Let's get pre-trained weights of GAN-debiased model and check model fairness.

In [None]:
# download the pre-trained weights
!wget https://nnabla.org/pretrained-models/nnabla-examples/responsible_ai/gan_data_debiased/gan_data_debised.h5
!wget https://nnabla.org/pretrained-models/nnabla-examples/responsible_ai/gan_data_debiased/val_gan_data_debised.pkl

In [None]:
nn.clear_parameters()
attribute_classifier_debiased_model = clf.attribute_classifier(model_load_path=r'gan_data_debised.h5')
cal_thresh = pickle.load(open(r'val_gan_data_debised.pkl', 'rb'))['cal_thresh']

### Compute Fairness 

In [None]:
test_targets, test_scores = attribute_classifier_debiased_model.get_scores(test)
test_pred = np.where(test_scores > cal_thresh, 1, 0)

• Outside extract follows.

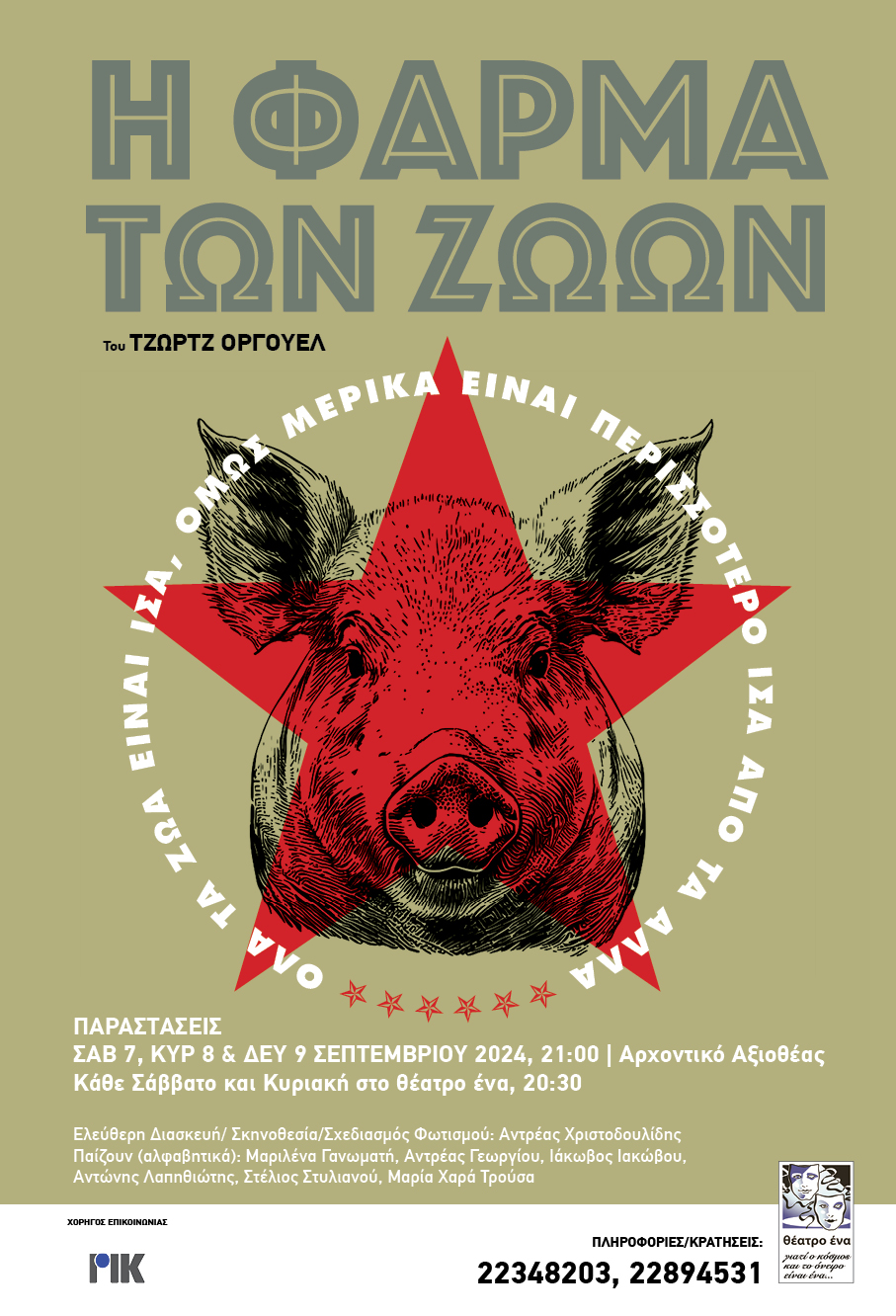 Το θέατρο ένα παρουσιάζει το αριστούργημα του Τζωρτζ Οργουέλ «Η Φάρμα των ζώων» σε ελεύθερη διασκευή και σκηνοθεσία Αντρέα Χριστοδουλίδη.

ap = utils.get_average_precision(test_targets[:, 0], test_scores)
deo = utils.get_difference_equality_opportunity(test_targets[:, 1],
                                                     test_targets[:, 0], test_pred)
ba = utils.get_bias_amplification(test_targets[:, 1],
                                     test_targets[:, 0], test_pred)
kl = utils.get_kl_divergence(test_targets[:, 1], test_targets[:, 0], test_scores)

print('Test results: ')
print('AP : {:.1f}', 100 * ap)
print('DEO : {:.1f}', 100 * deo)
print('BA : {:.1f}', 100 * ba)
print('KL : {:.1f}', kl)

If you observe above results with four metrics, GAN-debiased model performs better on all three fairness metrics: DEO, BA, and KL Divergence, while maintaining comparable AP over the baseline `Arched Brows` Classifier.

### 5. Summary

In this tutorial, we have shown how GAN-based data augmentation method could be employed to train a fairer Attribute Classifier in the presense of correlation between target label (Arched eyebrows) and a protected attribute (Gender Expression). In the same way, you may try different attribute classifiers. If there is bias in baseline Attribute Classifier model, try to balance the training data with an approach like GAN for data augmentation. To train different attribute classifiers, please refer to our GitHub page and follow the steps.

### References
1. Ramaswamy, Vikram V., Sunnie SY Kim, and Olga Russakovsky. "Fair attribute classification through latent space de-biasing." Proceedings of the IEEE/CVF Conference on Computer Vision and Pattern Recognition. 2021
2. Goodfellow, Ian, et al. "Generative adversarial nets." Advances in neural information processing systems 27 (2014).
3. Liu, Ziwei, et al. "Large-scale celebfaces attributes (celeba) dataset." Retrieved August 15.2018 (2018): 11.
4. Kingma, Diederik P., and Jimmy Ba. "Adam: A method for stochastic optimization." arXiv preprint arXiv:1412.6980 (2014).
5. Lokhande, Vishnu Suresh, et al. "Fairalm: Augmented lagrangian method for training fair models with little regret." European Conference on Computer Vision. Springer, Cham, 2020.
6. Wang, Angelina, and Olga Russakovsky. "Directional bias amplification." International Conference on Machine Learning. PMLR, 2021.
7. Chen, Mingliang, and Min Wu. "Towards threshold invariant fair classification." Conference on Uncertainty in Artificial Intelligence. PMLR, 2020.